What is required
Copy each of the entries below faithfully, setting aside any pictures.
Supplied material below:
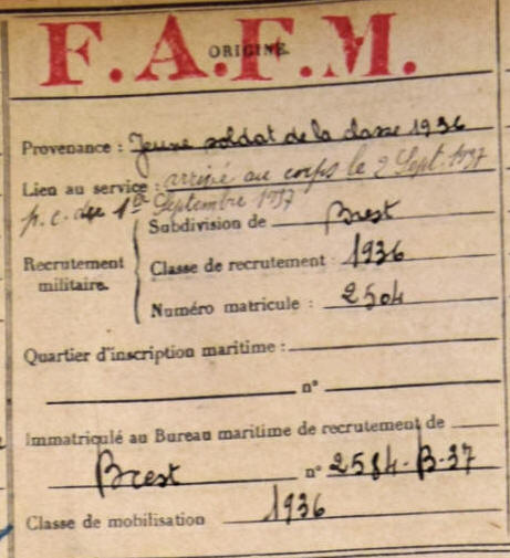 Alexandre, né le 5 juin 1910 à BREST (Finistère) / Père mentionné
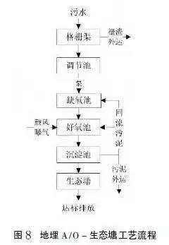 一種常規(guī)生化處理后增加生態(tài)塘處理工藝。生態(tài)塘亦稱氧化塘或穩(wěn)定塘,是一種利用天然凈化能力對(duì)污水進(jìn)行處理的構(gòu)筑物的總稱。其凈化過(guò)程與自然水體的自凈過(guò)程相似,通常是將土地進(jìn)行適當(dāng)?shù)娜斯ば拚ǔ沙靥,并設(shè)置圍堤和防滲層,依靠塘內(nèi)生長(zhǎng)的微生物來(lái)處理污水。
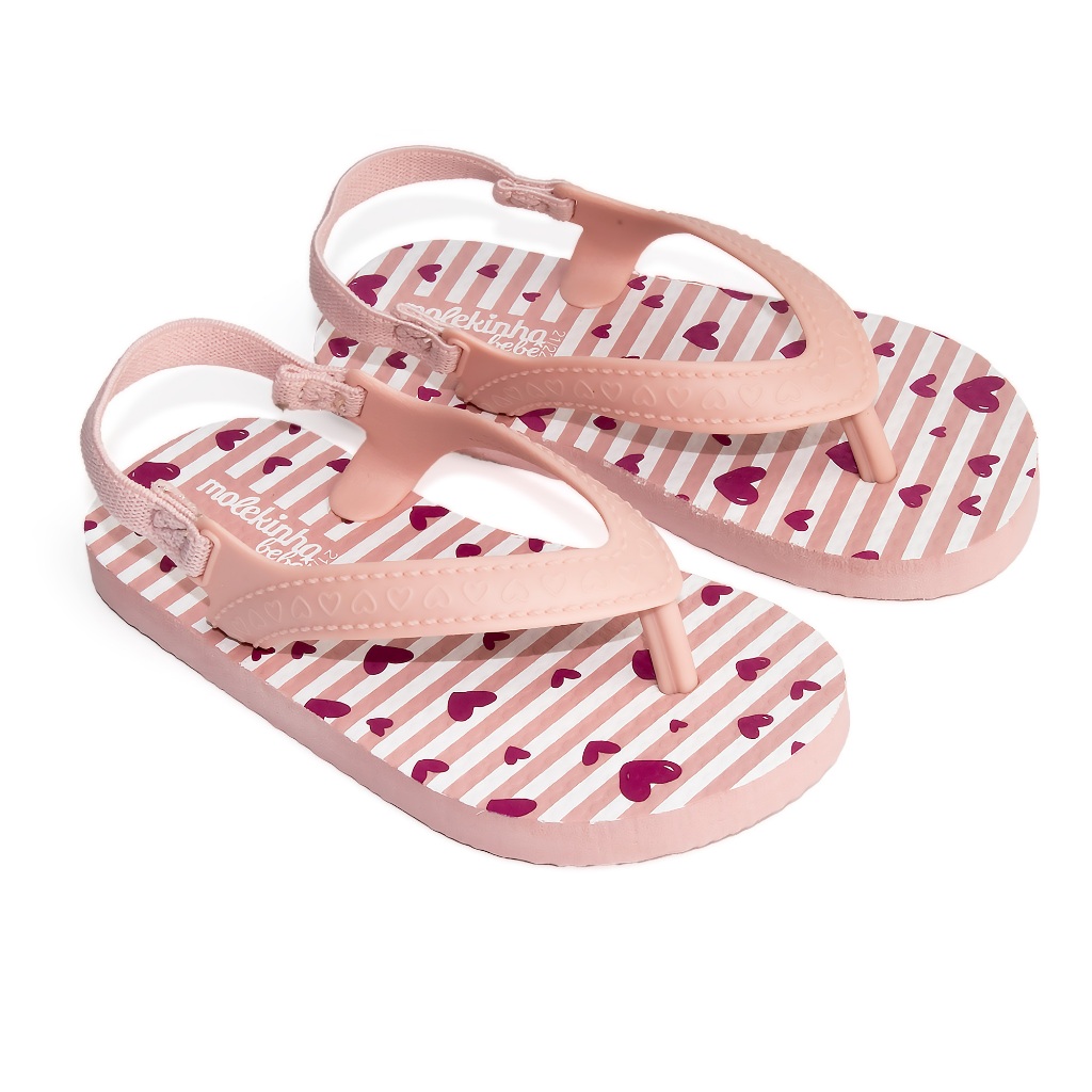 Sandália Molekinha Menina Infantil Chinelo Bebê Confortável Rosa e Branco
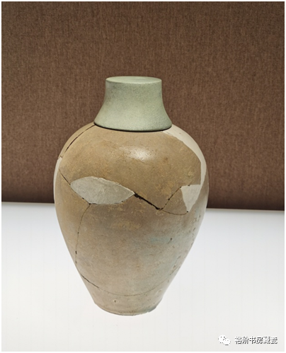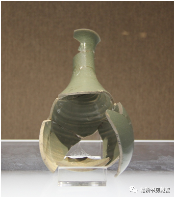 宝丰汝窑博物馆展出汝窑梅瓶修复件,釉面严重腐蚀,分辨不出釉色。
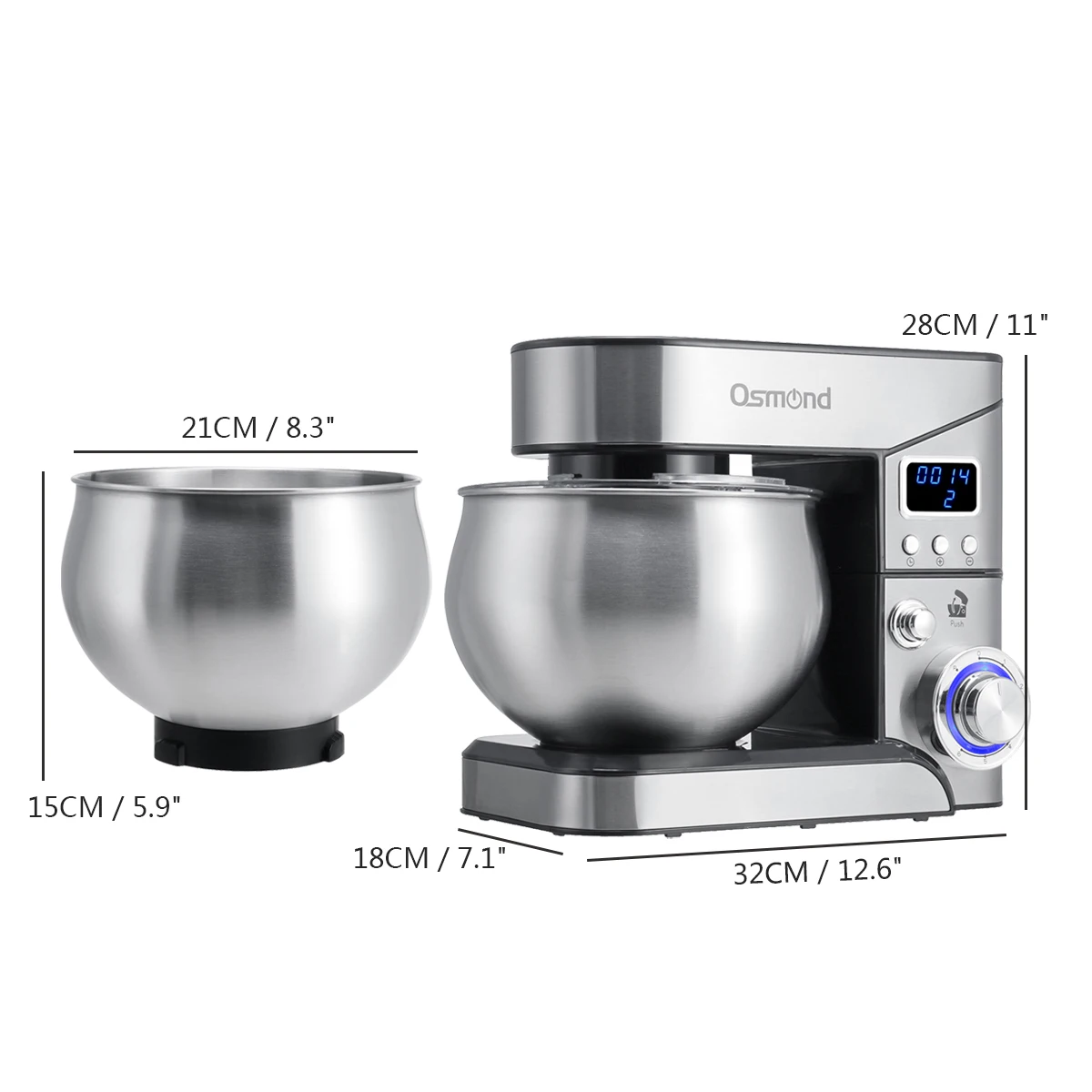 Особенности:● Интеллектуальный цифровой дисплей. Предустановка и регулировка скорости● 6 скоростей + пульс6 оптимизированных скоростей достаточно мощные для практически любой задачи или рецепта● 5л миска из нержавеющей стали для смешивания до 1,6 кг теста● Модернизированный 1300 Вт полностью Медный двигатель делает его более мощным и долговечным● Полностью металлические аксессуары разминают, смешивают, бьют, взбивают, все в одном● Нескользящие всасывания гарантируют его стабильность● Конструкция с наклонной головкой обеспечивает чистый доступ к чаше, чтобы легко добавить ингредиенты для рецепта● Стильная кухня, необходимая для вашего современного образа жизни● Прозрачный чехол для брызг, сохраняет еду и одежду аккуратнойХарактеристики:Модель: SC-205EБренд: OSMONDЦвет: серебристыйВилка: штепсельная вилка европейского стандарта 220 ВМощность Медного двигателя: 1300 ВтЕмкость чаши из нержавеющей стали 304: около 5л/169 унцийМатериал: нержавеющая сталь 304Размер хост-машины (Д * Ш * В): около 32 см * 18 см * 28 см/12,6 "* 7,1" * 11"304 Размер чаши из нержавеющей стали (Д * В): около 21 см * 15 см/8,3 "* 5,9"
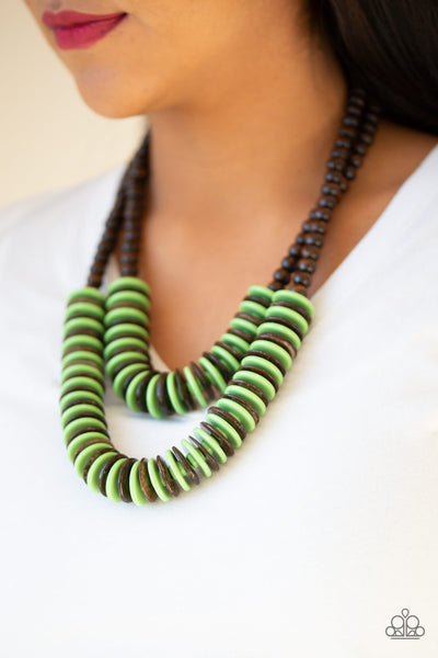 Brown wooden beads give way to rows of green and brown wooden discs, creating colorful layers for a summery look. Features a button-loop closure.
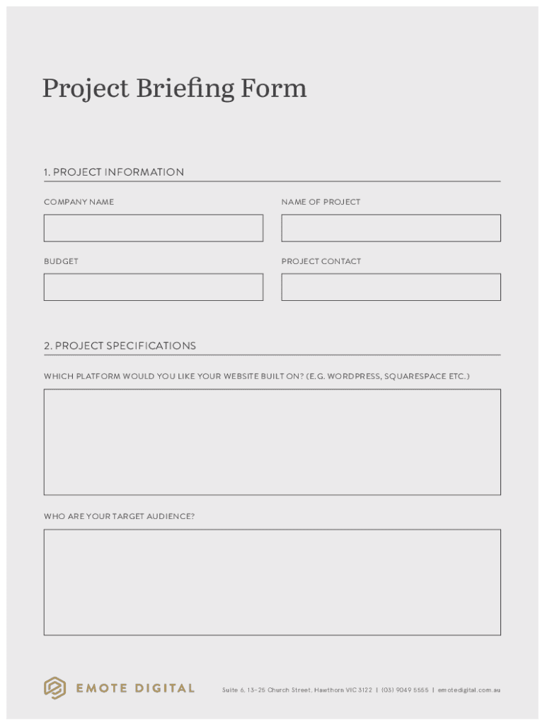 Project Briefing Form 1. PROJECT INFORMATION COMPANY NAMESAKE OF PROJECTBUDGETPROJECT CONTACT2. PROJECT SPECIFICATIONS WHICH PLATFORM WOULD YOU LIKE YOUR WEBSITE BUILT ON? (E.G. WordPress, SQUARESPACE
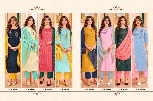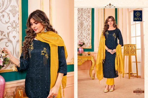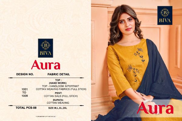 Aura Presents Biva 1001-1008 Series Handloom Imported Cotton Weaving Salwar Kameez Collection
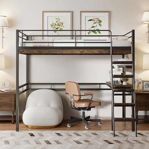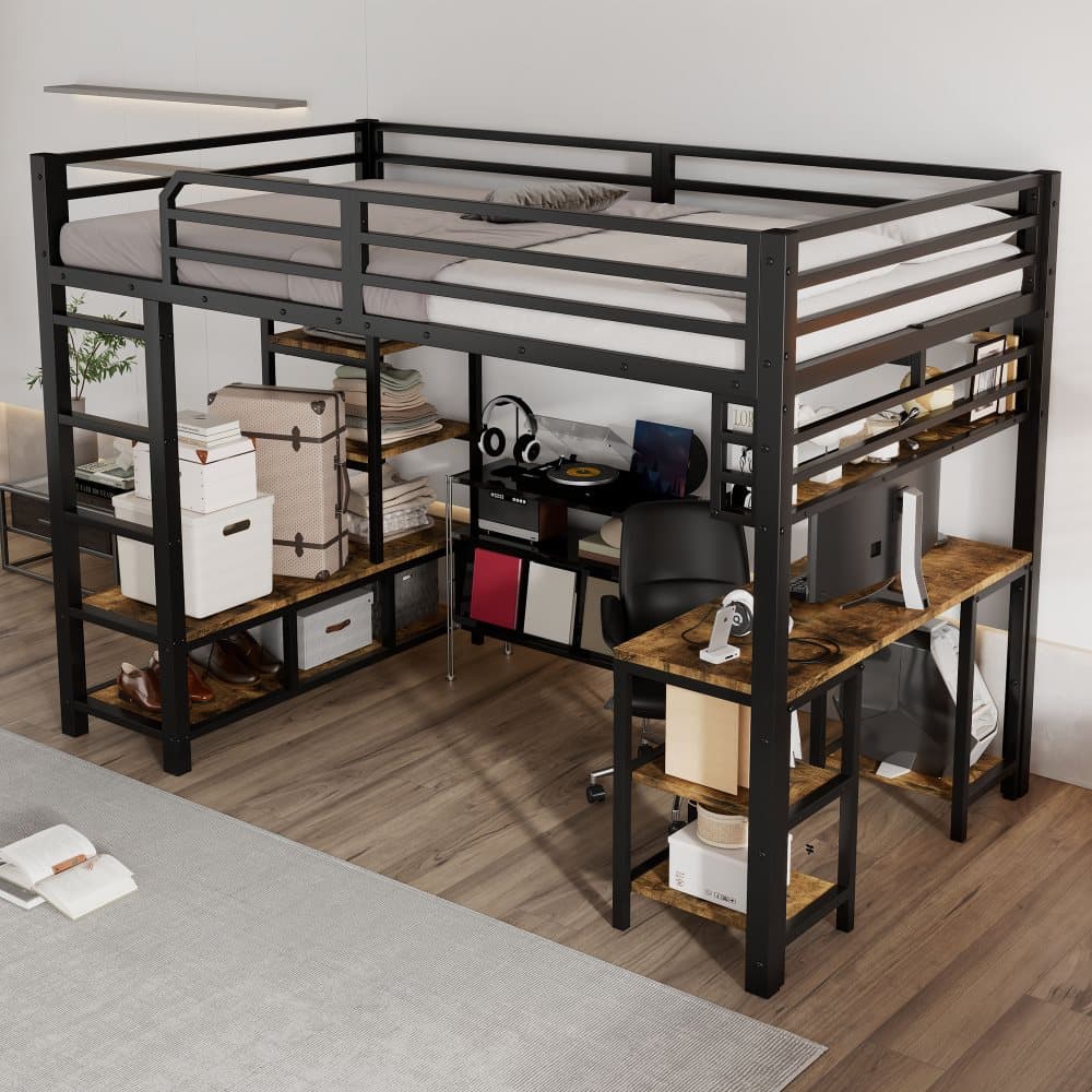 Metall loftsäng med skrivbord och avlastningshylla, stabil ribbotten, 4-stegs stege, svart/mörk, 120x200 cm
End of Supplied material.
Output of the exercise
 Alexandre, né le 5 juin 1910 à BREST (Finistère) / Père mentionné
 一種常規(guī)生化處理后增加生態(tài)塘處理工藝。生態(tài)塘亦稱氧化塘或穩(wěn)定塘,是一種利用天然凈化能力對(duì)污水進(jìn)行處理的構(gòu)筑物的總稱。其凈化過(guò)程與自然水體的自凈過(guò)程相似,通常是將土地進(jìn)行適當(dāng)?shù)娜斯ば拚ǔ沙靥,并設(shè)置圍堤和防滲層,依靠塘內(nèi)生長(zhǎng)的微生物來(lái)處理污水。
 Sandália Molekinha Menina Infantil Chinelo Bebê Confortável Rosa e Branco
 宝丰汝窑博物馆展出汝窑梅瓶修复件,釉面严重腐蚀,分辨不出釉色。
 Особенности:● Интеллектуальный цифровой дисплей. Предустановка и регулировка скорости● 6 скоростей + пульс6 оптимизированных скоростей достаточно мощные для практически любой задачи или рецепта● 5л миска из нержавеющей стали для смешивания до 1,6 кг теста● Модернизированный 1300 Вт полностью Медный двигатель делает его более мощным и долговечным● Полностью металлические аксессуары разминают, смешивают, бьют, взбивают, все в одном● Нескользящие всасывания гарантируют его стабильность● Конструкция с наклонной головкой обеспечивает чистый доступ к чаше, чтобы легко добавить ингредиенты для рецепта● Стильная кухня, необходимая для вашего современного образа жизни● Прозрачный чехол для брызг, сохраняет еду и одежду аккуратнойХарактеристики:Модель: SC-205EБренд: OSMONDЦвет: серебристыйВилка: штепсельная вилка европейского стандарта 220 ВМощность Медного двигателя: 1300 ВтЕмкость чаши из нержавеющей стали 304: около 5л/169 унцийМатериал: нержавеющая сталь 304Размер хост-машины (Д * Ш * В): около 32 см * 18 см * 28 см/12,6 "* 7,1" * 11"304 Размер чаши из нержавеющей стали (Д * В): около 21 см * 15 см/8,3 "* 5,9"
 Brown wooden beads give way to rows of green and brown wooden discs, creating colorful layers for a summery look. Features a button-loop closure.
 Project Briefing Form 1. PROJECT INFORMATION COMPANY NAMESAKE OF PROJECTBUDGETPROJECT CONTACT2. PROJECT SPECIFICATIONS WHICH PLATFORM WOULD YOU LIKE YOUR WEBSITE BUILT ON? (E.G. WordPress, SQUARESPACE
 Aura Presents Biva 1001-1008 Series Handloom Imported Cotton Weaving Salwar Kameez Collection
 Metall loftsäng med skrivbord och avlastningshylla, stabil ribbotten, 4-stegs stege, svart/mörk, 120x200 cm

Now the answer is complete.